7月に掲載した「結婚?それとも独身?」の後編としてお読みください。前編では、国立社会保障・人口問題研究所が5年ごとに行なっている未婚率の統計をもとに、どうして未婚率が高くなってきたかを考えてみました。今回はその続編として、結婚生活の難しさについて極めて個人的思いつきを述べてみたいと思います。

 厚生労働省の統計によると、2009年の婚姻件数は約71.4万組、離婚件数は約25.3万組あったそうだが、夫婦関係の実態(裏側)はどうなっているのか。10組の夫婦のうち、1組が相思相愛の円満夫婦。3組が可もなし不可もなし。3組が仮面夫婦。そして残りの3組が離婚。これが下衆の推測である。悲しくなる数字であるが、夫婦間の実態はこんなものではないのだろうか。
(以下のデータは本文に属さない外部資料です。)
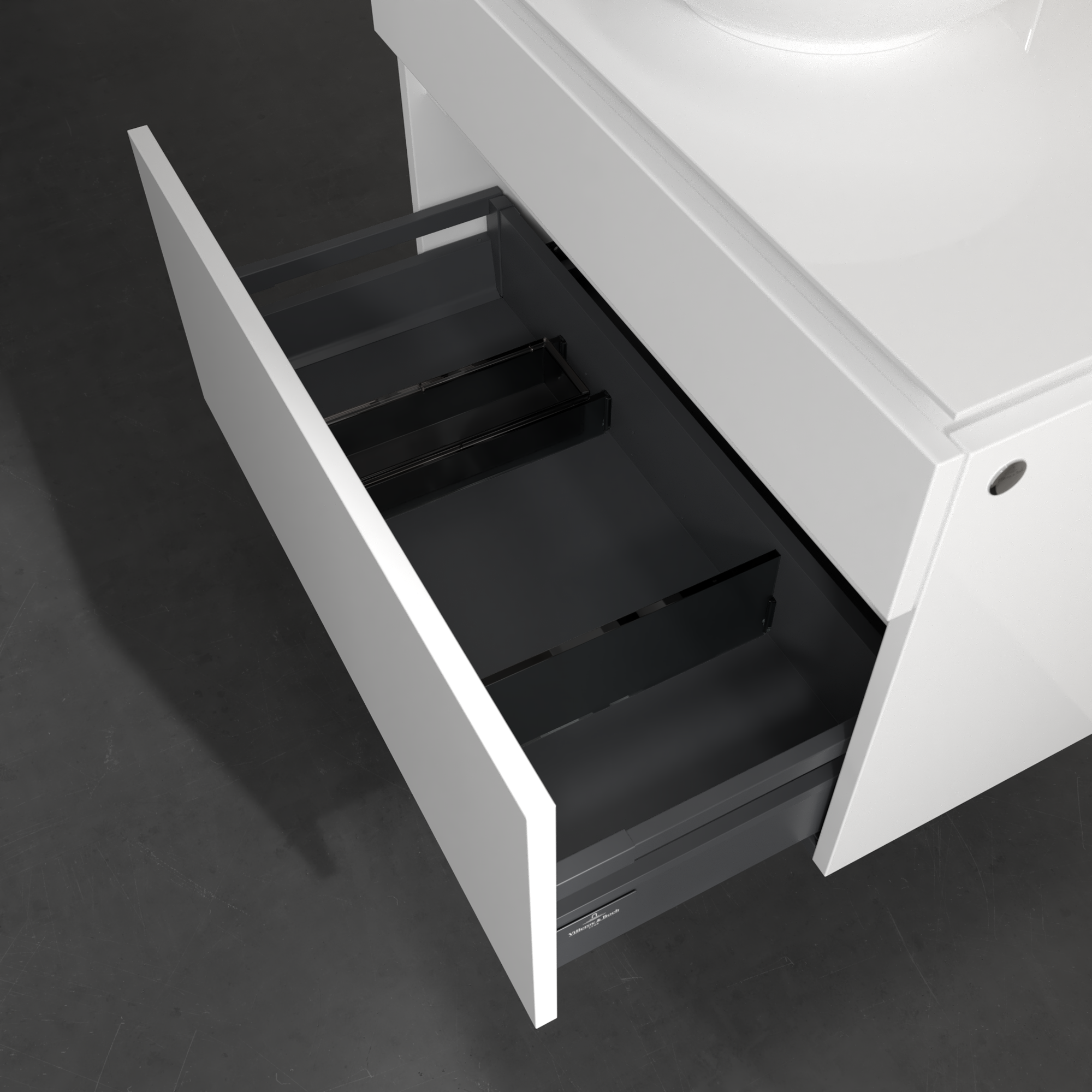Legato Meuble sous plan, 2 tiroirs sur rails, 800x550x500mm, Caisson: Glossy White, Façade: Glossy White

 あの世に行っても、生まれ変わっても、また一緒になろうという夫婦がいる。人間愛の最高の形は、親子ではなく夫婦にあると考えている私には、なんと素晴らしいことだろうと思う。双方でそう思っているsupremeの夫婦は、人生の最高のパートナーを得たことになる。今日の婚姻実態から見ると、双方が及第点をつけ合える結婚生活を営むことはとても難しいといえる。それだけに格別の重みもある。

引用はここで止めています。